Yatmadan saatler öncesinden meyve yiyemez, bir şey içemezdim ama sonuç yine aynı olurdu. Uyandığımda bel altımda bir ağırlık, yatak ıslak. Her gün o çarşaflar yıkanır, pijamalar makinaya atılır. Hele ki başka bir evde yatıya kalacaksam, kocaman çöp poşetlerini kesip altıma sererlerdi. Dönmeden uyumaya çalışırdım çünkü çok dönersem o poşet yere düşerdi ve ben yine yattığım yere kaçırıverirdim.

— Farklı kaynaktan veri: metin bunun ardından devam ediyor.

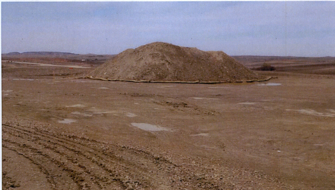
Photo 3. Subsoil pile on level surface, protected by waddles.
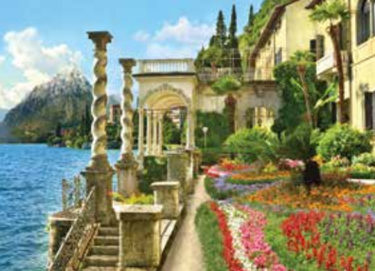
The captivating setting of the Italian Lakes possesses an inexhaustible charm for both travelers and locals alike.
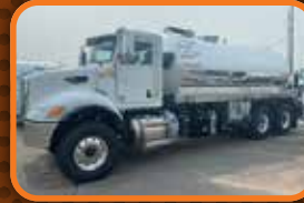
(13969) New 4,000 U.S. gallon, aluminum, vacuum tank. Mounted on a 2022 Peterbilt 348 cab and chassis w/ a NVE Challenger 887 vacuum pressure pump package.

Eğer kaldığım evde benim yaşıtımdan birisi varsa onunla aynı yatakta asla yatamazdım, onun yanında bu konu açılmazdı. Sadece çok yakın bir arkadaşım bilirdi bunu, o da kimseye söylemezdi. Yaptığımdan çok utanırdım o psikoloji ile duşa girip okula giderdim. Annem bir kere bile olsun söylenmedi, azarlamadı, bağırmadı. Babamdan hep gizlemeye çalışırdım. Onun yüzünden bozulan psikolojim yüzünden işediğimi bilsin istemezdim. Onu bu şekilde mutlu etmek istemezdim açıkçası... Ama o da biliyordu.

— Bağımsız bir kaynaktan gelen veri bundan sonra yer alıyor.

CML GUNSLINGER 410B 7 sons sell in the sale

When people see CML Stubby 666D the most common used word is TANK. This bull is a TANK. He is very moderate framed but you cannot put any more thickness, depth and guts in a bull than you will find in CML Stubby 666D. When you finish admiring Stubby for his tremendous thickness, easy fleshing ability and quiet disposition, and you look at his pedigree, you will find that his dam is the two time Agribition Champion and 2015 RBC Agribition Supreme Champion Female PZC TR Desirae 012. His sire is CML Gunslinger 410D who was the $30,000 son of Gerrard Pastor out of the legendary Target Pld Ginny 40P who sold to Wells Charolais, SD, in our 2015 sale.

Bunları yazarken bile ağlamam babama olan nefretimdir. Evde olan şiddet, annemin ve ablamın ağır şekilde dayak yemesi ve küçük olduğum için araya giremem ... Çok acıydı bunlar. Canımdan çok sevdiğim annemin yüzüne, vücuduna inen darbeler sanki bana geliyordu. O dayak yedikten sonra ona sarılıp hıçkıra hıçkıra ağlardım. Ertesi gün işe giderken de yüzüne makyajını yapar, yaralarını kapatır giderdi.
Ablam desen, babam beni çok dövmediğinden ve çok şımarttığından bana düşman bir şekilde büyüdü. Hala da öyle. Beni çok sevemiyor. Onu da anlıyorum. O da ağır darbeler aldı. Çok net hatırlasamda, ablamın sırtında sandalye kırmışlığı bile vardır. Ben, annem ve ablam asla babamın bu tutumunu dışarı yansıtmadık. Onu hep "şeker adam" olarak tanıdılar. Annem böyle yetiştirdi bizi, bir tek ben lisede ergenliğin verdiği güçle babama diklenebildim. Alkollüyken ona attığım Osmanlı tokatından sonra evde bir daha asla dayak olmadı. Daha az sarhoş gelmeye başladı. 3 kere kalp krizi geçirdi ama ölmedi. Ölsün diye çok dua ettim. Annemi aldattı, bana ve herkese yalanlar söyledi. Pazar günleri onun at yarışından gelip beni hayvanat bahçesine götürmesini çok bekledim ama hep gece geldi, bütün bir aylık maaşını kumar oynayarak kaybetti.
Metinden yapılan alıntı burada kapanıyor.